Ya, dia benar-benar Oscar.

Tak menunggu lama, Orina langsung menerjang tubuh kecil itu. Mereka terbaring di rumput, saling memeluk menyalurkan rasa rindu.

"Heh, kau berniat membodohi temanmu dengan pura-pura mati, tapi kau sendiri malah mati sungguhan. Payah sekali, ha ha ha," cetus Oscar mengejek.

"Aku.. mati?"

Keduanya duduk dengan tenang. Oscar mengangguk, "Ya.. kita sudah mati, Rin. Aku sudah mati.. aku tidak bisa hidup di dunia lagi."

"Tapi.. tubuhmu--"

"Hanya tubuhku," tatapannya berubah serius. "Terima lah, itu kenyataannya. Lupakan dunia, ayo kita mulai hidup baru disini," ujarnya lembut.

Orina menunduk dengan wajah suram. "Tidak bisa.. aku.. haah... sudah terlalu banyak dosa. Aku tidak.. bisa.. sudah banyak.. hahh.. banyak yang kuperbuat."

Oscar memeluk tubuh gadis itu. "Tidak apa-apa. Lagi pula kau dan aku sudah berjanji, kan? Ayo, hidup bersama!" Dia mengusap wajah Orina dan tersenyum lebar.

"Mulai sekarang kau tidak perlu menanggung semuanya sendiri. Aku sudah ada, bergantunglah padaku. Ayo hidup bahagia disini bersama denganku. Maukah.. kau?" Ujar Oscar agak ragu di kalimat terakhir.

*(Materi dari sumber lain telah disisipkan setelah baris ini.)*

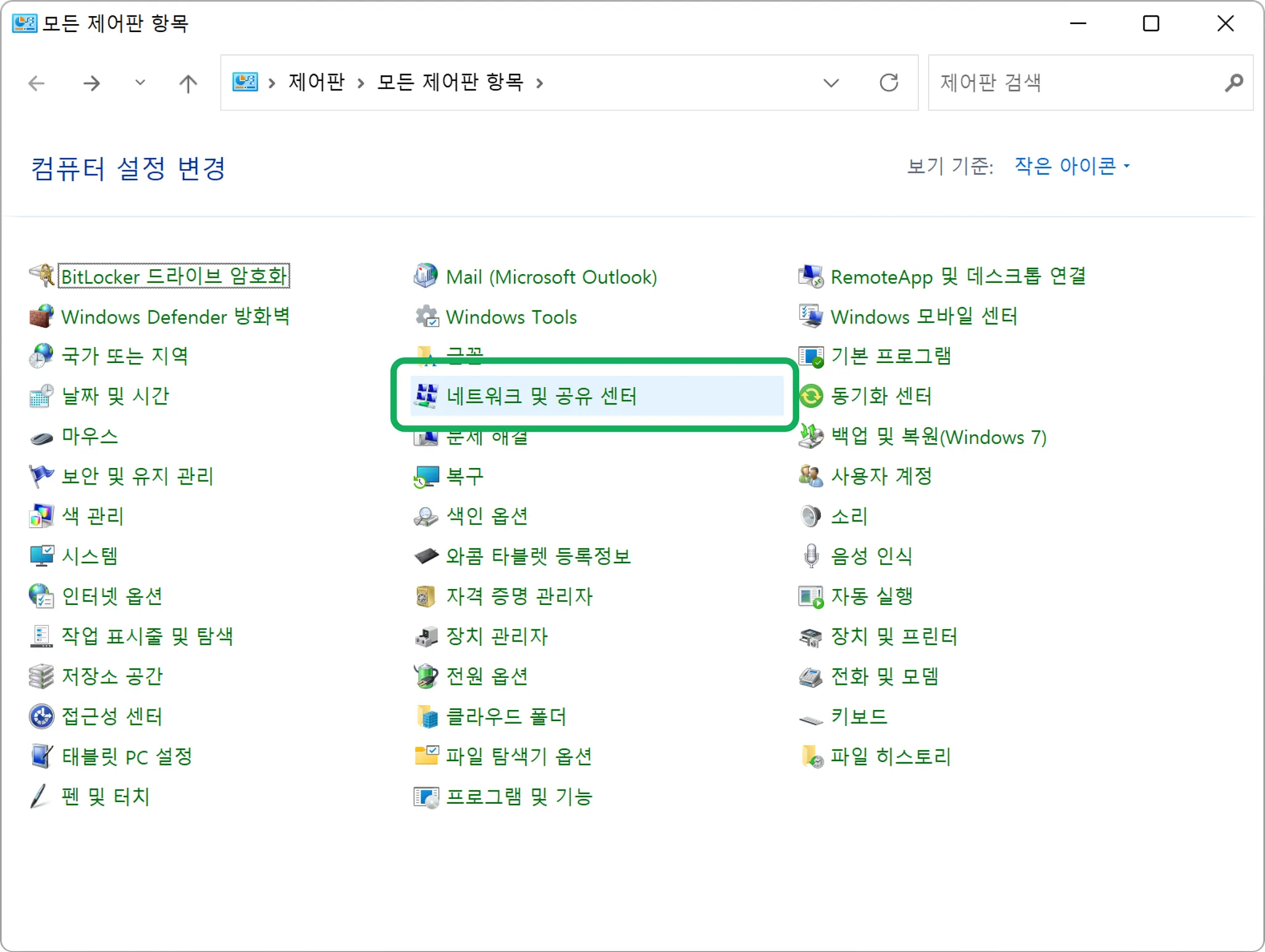 ▲ 제어판에서 네트워크 및 공유 센터 를 선택합니다.

Orina termangu, tapi sedetik kemudian memukul kepala pemuda itu keras dan tertawa kencang. "Apa-apaan dialog romantis itu? Haaah, ya sudah kalau begitu. Ayo!"

Orina berdiri dan mengulurkan tangannya. "Aku mau," ujarnya tersenyum lebar. Oscar meraih tangan itu dengan cepat dan ikut tersenyum lebar.

"Hei, Oscar. Apa kau tahu, aku bertemu banyak orang aneh sebelum datang kemari. Ada yang suka meledak seperti kembang api, ada yang seperti brokoli, dan..."

"Ya ampun, sejak kapan kau jadi OOC begini? Haahh..."

"OOC! Oscar-Orina Couple!"

"Oke, sepertinya otakmu tertinggal di Bumi, ayo kita kembali dan ambil lagi."

Tubuh mereka tak lagi berusia 16 tahun. Oscar menjadi pemuda yang tampan dan matang, juga Orina yang semakin cantik dan rupawan.

Walau begitu, tak ada yang berubah di antara keduanya. Mereka masih memiliki rasa dan ikatan yang sama.

Dan begitulah, akhir dari kisah mereka.